After Saturday's post on Frank Marino and Mahogany Rush, I got thinking about how much I love good electric guitar work. Not simple shredding - although that can be fun. Good guitar work, for me, is about more than technical prowess. It's about using tone and effects, constructing not just catchy hooks and chords, but building upon these basics to create a total effect. The total, in other words, is greater than sum of all the parts. It requires more than being able to move your four fingers really fast all around the fret-board. A guitarist should know something about the electronics of his instruments and how they contribute to the effect he is trying to make. He should know about building emotion through switching tones, changing the pallet of sound. He should also, I think, Have a certain clarity of sounds - I really am no fan of the kind of heavily distorted sound one hears on some overamplified Gibson guitars. Notes and effect get lost in the barrage of sheer sound.

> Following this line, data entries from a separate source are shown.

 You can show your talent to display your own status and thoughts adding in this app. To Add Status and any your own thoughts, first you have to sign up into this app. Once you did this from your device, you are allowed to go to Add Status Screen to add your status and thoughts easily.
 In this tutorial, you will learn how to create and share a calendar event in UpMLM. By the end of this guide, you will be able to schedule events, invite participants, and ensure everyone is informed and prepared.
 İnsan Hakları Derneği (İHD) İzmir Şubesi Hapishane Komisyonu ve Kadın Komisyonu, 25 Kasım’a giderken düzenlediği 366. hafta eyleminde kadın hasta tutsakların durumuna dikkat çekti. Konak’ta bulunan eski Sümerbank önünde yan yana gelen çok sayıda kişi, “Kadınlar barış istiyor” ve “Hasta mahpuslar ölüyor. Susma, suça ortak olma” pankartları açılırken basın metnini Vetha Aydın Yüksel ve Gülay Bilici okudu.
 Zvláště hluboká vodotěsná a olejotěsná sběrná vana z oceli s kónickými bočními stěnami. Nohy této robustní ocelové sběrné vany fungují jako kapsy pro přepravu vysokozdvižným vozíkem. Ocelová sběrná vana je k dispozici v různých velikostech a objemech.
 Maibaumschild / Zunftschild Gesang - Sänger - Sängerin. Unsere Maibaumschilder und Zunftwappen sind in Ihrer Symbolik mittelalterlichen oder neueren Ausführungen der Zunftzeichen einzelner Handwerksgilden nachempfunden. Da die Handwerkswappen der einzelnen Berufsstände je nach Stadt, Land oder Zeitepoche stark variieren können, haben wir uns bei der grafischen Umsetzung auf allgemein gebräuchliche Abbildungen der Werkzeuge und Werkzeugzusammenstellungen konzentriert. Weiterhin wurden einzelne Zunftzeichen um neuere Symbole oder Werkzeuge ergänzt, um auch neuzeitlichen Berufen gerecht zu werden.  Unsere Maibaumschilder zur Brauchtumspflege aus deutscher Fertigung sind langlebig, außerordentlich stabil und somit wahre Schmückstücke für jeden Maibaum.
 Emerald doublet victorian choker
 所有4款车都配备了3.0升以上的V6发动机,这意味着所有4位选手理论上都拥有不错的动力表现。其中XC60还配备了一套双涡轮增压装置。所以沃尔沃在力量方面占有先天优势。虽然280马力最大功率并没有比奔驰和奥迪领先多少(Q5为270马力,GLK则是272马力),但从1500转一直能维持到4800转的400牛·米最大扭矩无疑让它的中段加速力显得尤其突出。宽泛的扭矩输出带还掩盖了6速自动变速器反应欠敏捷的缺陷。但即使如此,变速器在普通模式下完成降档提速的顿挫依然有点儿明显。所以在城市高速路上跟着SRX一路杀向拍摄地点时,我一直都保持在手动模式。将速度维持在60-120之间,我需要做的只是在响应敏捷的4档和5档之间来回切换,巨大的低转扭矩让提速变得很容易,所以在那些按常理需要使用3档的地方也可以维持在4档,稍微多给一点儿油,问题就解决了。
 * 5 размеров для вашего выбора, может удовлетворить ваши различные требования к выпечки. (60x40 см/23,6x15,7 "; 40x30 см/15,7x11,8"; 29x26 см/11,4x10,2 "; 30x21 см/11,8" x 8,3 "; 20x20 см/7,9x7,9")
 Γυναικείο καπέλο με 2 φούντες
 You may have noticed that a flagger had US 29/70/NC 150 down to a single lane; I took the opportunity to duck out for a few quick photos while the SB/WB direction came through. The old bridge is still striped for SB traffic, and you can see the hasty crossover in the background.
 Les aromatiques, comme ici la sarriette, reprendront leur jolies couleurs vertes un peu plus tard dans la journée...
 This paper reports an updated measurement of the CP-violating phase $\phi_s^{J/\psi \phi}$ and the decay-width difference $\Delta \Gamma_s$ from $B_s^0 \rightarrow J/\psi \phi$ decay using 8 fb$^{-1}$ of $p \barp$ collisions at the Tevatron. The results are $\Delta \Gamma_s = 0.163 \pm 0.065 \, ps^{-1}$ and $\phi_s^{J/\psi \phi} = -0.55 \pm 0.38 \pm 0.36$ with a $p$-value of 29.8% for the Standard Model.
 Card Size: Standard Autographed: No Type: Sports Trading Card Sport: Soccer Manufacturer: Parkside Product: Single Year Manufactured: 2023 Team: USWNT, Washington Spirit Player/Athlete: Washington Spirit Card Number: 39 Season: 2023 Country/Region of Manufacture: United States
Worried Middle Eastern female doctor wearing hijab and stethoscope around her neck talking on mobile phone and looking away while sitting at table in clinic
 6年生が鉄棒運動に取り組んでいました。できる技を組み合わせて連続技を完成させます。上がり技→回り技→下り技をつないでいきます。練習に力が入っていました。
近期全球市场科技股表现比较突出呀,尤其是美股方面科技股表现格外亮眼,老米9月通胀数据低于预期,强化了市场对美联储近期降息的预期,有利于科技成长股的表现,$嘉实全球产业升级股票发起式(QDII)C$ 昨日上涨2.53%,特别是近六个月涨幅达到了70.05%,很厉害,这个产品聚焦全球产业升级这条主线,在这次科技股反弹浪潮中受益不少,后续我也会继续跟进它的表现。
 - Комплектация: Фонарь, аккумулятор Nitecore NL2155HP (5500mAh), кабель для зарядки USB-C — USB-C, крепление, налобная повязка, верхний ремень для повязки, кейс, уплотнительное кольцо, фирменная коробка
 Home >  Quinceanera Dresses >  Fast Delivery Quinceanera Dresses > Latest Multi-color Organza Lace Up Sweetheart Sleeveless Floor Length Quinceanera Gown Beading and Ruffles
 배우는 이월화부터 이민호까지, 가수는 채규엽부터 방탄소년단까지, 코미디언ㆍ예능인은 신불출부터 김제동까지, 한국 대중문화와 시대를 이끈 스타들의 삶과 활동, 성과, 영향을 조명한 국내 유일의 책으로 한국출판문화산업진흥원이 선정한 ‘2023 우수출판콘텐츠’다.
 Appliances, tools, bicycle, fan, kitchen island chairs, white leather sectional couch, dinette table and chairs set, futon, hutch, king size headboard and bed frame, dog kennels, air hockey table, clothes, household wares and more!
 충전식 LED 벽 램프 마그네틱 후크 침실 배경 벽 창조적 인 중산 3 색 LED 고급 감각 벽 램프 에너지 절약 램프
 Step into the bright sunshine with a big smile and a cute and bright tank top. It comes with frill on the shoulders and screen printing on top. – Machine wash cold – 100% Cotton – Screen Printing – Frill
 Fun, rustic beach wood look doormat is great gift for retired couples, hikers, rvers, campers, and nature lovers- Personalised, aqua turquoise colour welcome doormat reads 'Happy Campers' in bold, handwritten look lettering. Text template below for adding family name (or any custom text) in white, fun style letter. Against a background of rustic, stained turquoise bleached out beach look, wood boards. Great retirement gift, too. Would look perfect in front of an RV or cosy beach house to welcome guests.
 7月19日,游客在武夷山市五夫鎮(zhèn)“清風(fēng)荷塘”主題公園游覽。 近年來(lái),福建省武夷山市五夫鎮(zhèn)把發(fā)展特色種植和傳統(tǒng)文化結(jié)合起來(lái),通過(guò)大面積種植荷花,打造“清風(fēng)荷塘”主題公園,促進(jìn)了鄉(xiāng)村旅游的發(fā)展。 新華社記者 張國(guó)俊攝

Eric Johnson has been criticized for being far too much of a perfectionist. A friend of mine saw him in the G3 concert series, and said he spent almost five minutes between two songs tuning, saying nothing to the audience during the process. Yet, he manages to create multiple tones from his guitar in a single song. In this, one of my favorite songs from his debut solo recording (coincidentally named Tones), you can hear what I mean. This is "Bristol Shore":
There is probably no guitarist today who knows his instrument, and what he can do with it, to it, on it, and through it more than Joe Satriani. While certainly a shredder extraordinaire, he also constructs beautiful pieces of music that do more than showcase his technical abilities, but use those abilities for the purposes of the song. I am still saddened by the fact I lost my copy of Flying In A Blue Dream in one of my many moves over the years. There any number of cuts from that recording that make my point, but the title track, especially in its live version, show that he even has the ability to use feedback in a way no one since Jimi Hendrix has managed to do - make what is essentially a warning of electrical overload, in to something musical. Even with the volume, his tone is clear, there is nothing muddy - he manages to make this more than just a conglomeration of notes and sounds, turning it into a song.
I must admit a weak spot for the kind of guitar sound one heard in mid- to late-1970's music. Part of that, of course, is this was the music to which I was first exposed. Yet, I find it hard to imagine anyone arguing that, just at the level of pure sound, there is something not beautiful about the way guitars were amplified, in such a way as to cut through the mass of sound, and deliver what they were supposed to deliver - something emotive. I have always like Peter Frampton's guitar sound on his Comes Alive album, and my remastered CD brings this out even better than any vinyl recording of it I've heard. One of the best cuts is the lovely "Lines On My Face", again using multiple tone textures and even something as simple as altering volume to create a change in emotive quality. With the limits on technology, apparent especially now, it is really quite amazing what he could accomplish.